Question

Volume (in ml) of $0.7M$ \[NaOH\] required for complete reaction with 350ml of $0.3M$ ${H_3}P{O_3}$ solution is:
A.$300ml$
B.\[450ml\]
C.\[150ml\]
D.\[350ml\]

Answer 1

Hint: By the concept of equivalent, \[{n_1}{M_1}{V_1} = {n_2}{M_2}{V_2}\] .The n-factor of \[NaOH = 1\] and the n-factor of \[{H_3}P{O_3} = 2\] . Substitute all the values in this equation and calculate the solution.

Complete answer:
For solving this problem, we need to use the concept of equivalence.
The quantity of a substance which reacts with (or is equivalent to) an arbitrary quantity of another substance in a given chemical reaction is an equivalent (symbol: officially Equiv; unofficially but sometimes Eq).

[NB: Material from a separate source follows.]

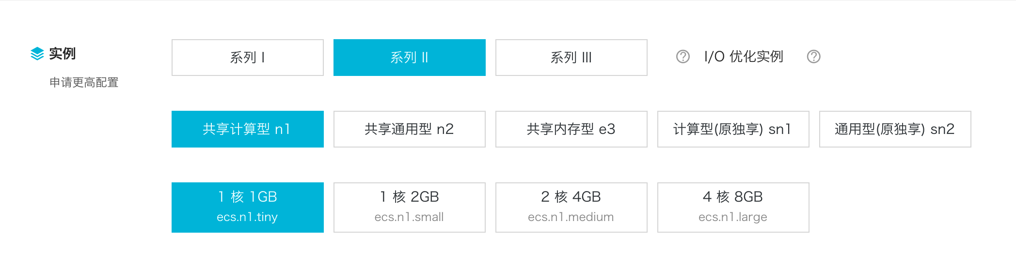 系列 III 相对系列 I 和系列 II 进行了硬件升级,采用 Intel Broadwell CPU、DDR4 内存,并默认为 I/O 优化实例,高主频和中主频两种 CPU 配合多种内存配比,可以提供给用户更好的性能以及更多的选择。

It is an obsolete unit of measurement that has been used in biological sciences and chemistry. Its relative weight is called the mass of an equivalent.
Or
The number of moles of an ion in a solution, multiplied by the value of that ion, is an equivalent.
In very simple words an equivalent gives us a relation between two substances that can react completely with each other.
Now, by the concept of equivalent
Equivalent \[NaOH = \] Equivalent ${H_3}P{O_3}$
Since Equivalent \[ = NV\]
Here, \[N = \] Normality
\[V = \] Volume
Again, since \[N = nM\]
Here, \[n = \] n-factor
\[M = \] Molarity
So, Equivalent \[ = nMV\]
So, the initial equation becomes
\[{n_1}{M_1}{V_1} = {n_2}{M_2}{V_2}\]
Here, \[{n_1} = \] the n-factor of \[NaOH = 1\]
\[{M_1} = \] Molarity of \[NaOH = 0.7M\]
\[{V_1} = \] The volume of \[NaOH\] that reacts with \[{H_3}P{O_3}\]
\[{n_2} = \] n-factor of \[{H_3}P{O_3} = 2\]
\[{M_2} = \] Molarity of \[{H_3}P{O_3} = 0.3M\]
\[{V_2} = \] Volume of \[{H_3}P{O_3} = 350ml\]
So, \[1 \times 0.7 \times {V_1} = 0.3 \times 2 \times 350\]
\[{V_1} = 300ml\]
Hence, \[300ml\] of $0.7M$ \[NaOH\] is required for a complete reaction with 350ml of $0.3M$ ${H_3}P{O_3}$ solution.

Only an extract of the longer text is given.